Entries provided:
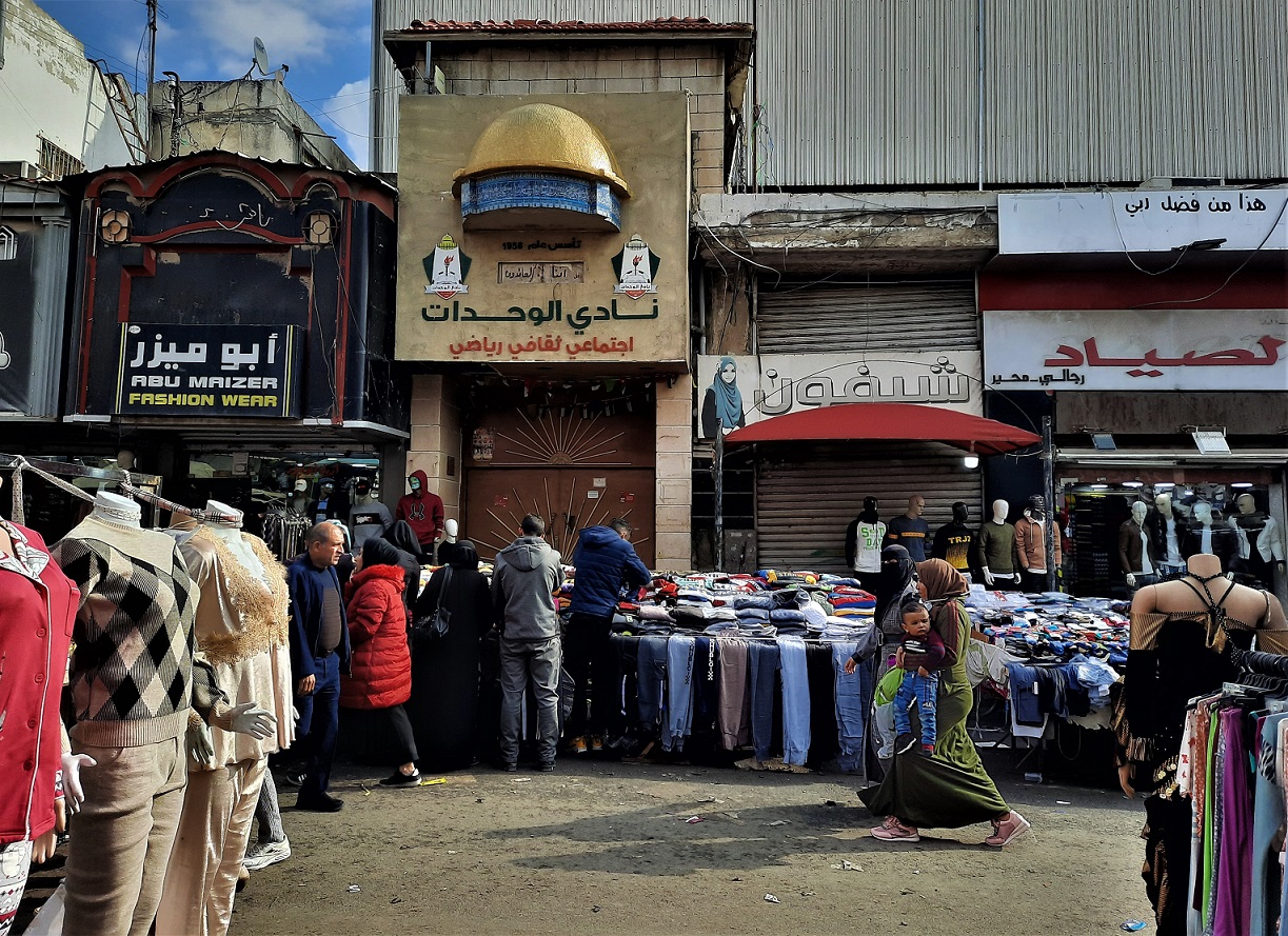 Au cœur du souk animé, la façade du « nadi » du camp de réfugiés palestinien d’al-Wehdat, dans le sud d’Amman, est surmontée d’une reproduction de la coupole dorée du dôme du Rocher de Jérusalem. À la porte, des portraits de martyrs palestiniens accueillent les visiteurs ; à l’intérieur, une carte de la Palestine d’avant 1948 côtoie un portrait du roi de Jordanie, Abdallah II, à la lueur des néons blafards.
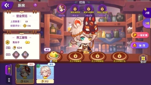 从经营角度来看,这组里嫦娥、青行灯和僵尸新娘的S级表演能有效提升经营成效,剪刀手爱德华能让客人快速用餐,再搭配姜子牙的“再来一份”技能,算得上是一套超强阵容了。
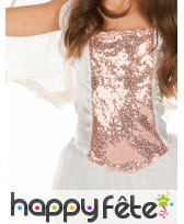 Le bas de la robe est recouvert d'un dégradé de paillettes rose doré (rose gold).
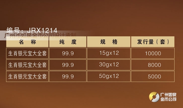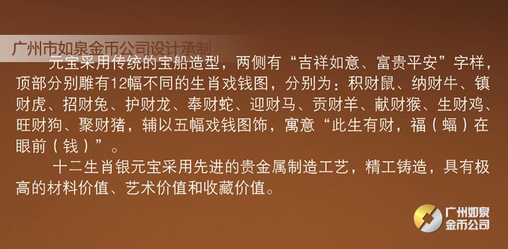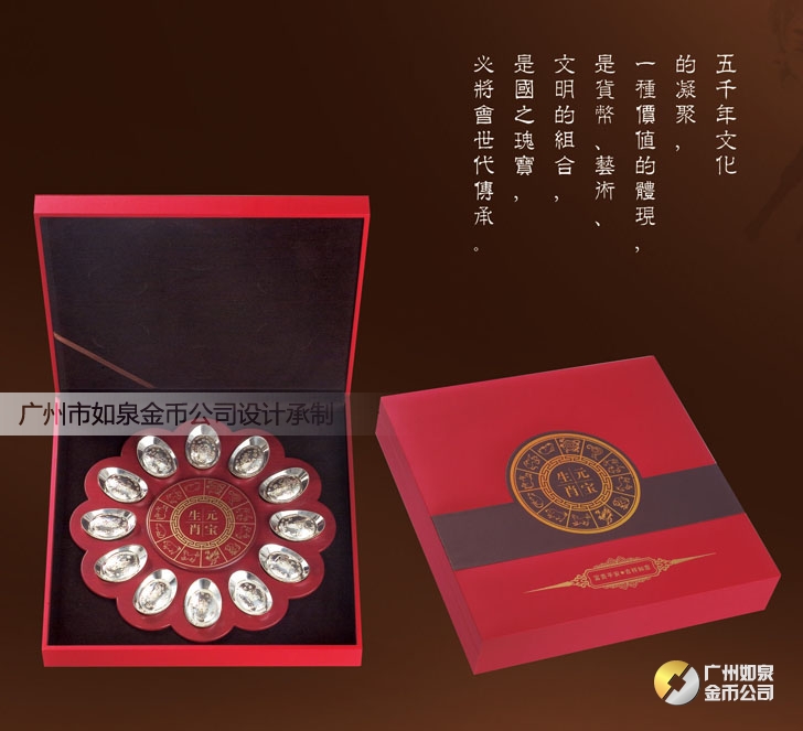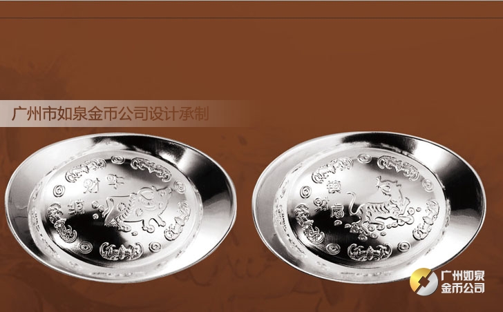 廣州市如泉金幣公司依托上海造幣廠和深圳國寶造幣廠等造幣公司以及金銀制品廠,設計定做紀念幣、紀念章、金銀幣、金銀章、金銀條,采用造幣工藝、選用千足金銀,個性定制金幣、定做銀幣、訂做金條、訂制銀條、制作紀念銀幣、制造紀念金幣、加工紀念銀章、生產紀念金章,純金純銀鑄造、全部國檢、權威檢測。
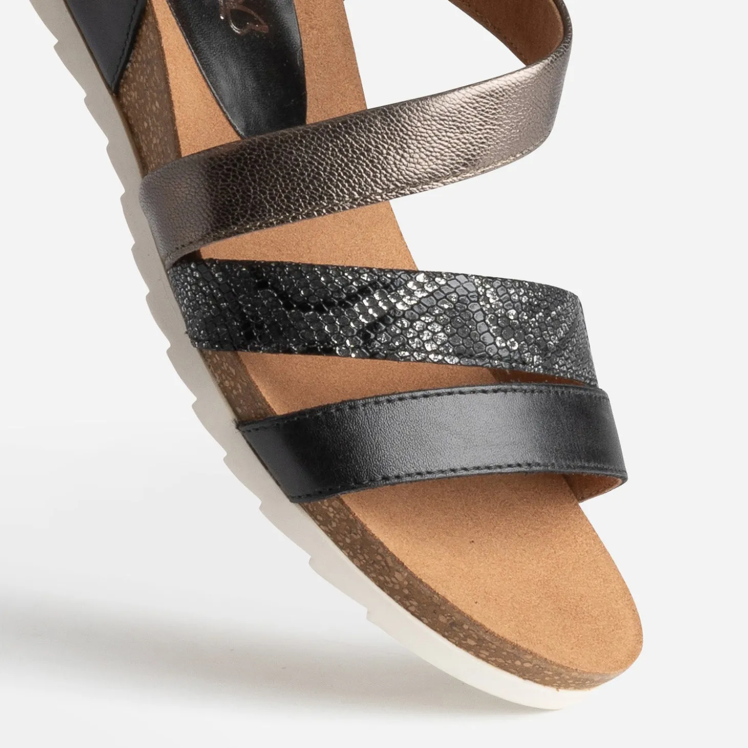 Dessus cuir, doublure cuir et semelle première en cuir, cette sandale pour femme se montrera très vite indispensable au quotidien. A dominante noire, elle présente 3 brides, noir, bronze lisse et noir irisé embossé effet python, à l’avant du pied. Alliance du confort et de l’élégance, son petit talon compensé, associé à sa semelle antidérapante souple, offrent une stabilité parfaite.

Exercise details:
From the line that contains "廣州市如泉金幣公司依托上海造" through the last line of the entries, transcribe every line exactly, leaving out the pictures.

Answer space:
 廣州市如泉金幣公司依托上海造幣廠和深圳國寶造幣廠等造幣公司以及金銀制品廠,設計定做紀念幣、紀念章、金銀幣、金銀章、金銀條,采用造幣工藝、選用千足金銀,個性定制金幣、定做銀幣、訂做金條、訂制銀條、制作紀念銀幣、制造紀念金幣、加工紀念銀章、生產紀念金章,純金純銀鑄造、全部國檢、權威檢測。
 Dessus cuir, doublure cuir et semelle première en cuir, cette sandale pour femme se montrera très vite indispensable au quotidien. A dominante noire, elle présente 3 brides, noir, bronze lisse et noir irisé embossé effet python, à l’avant du pied. Alliance du confort et de l’élégance, son petit talon compensé, associé à sa semelle antidérapante souple, offrent une stabilité parfaite.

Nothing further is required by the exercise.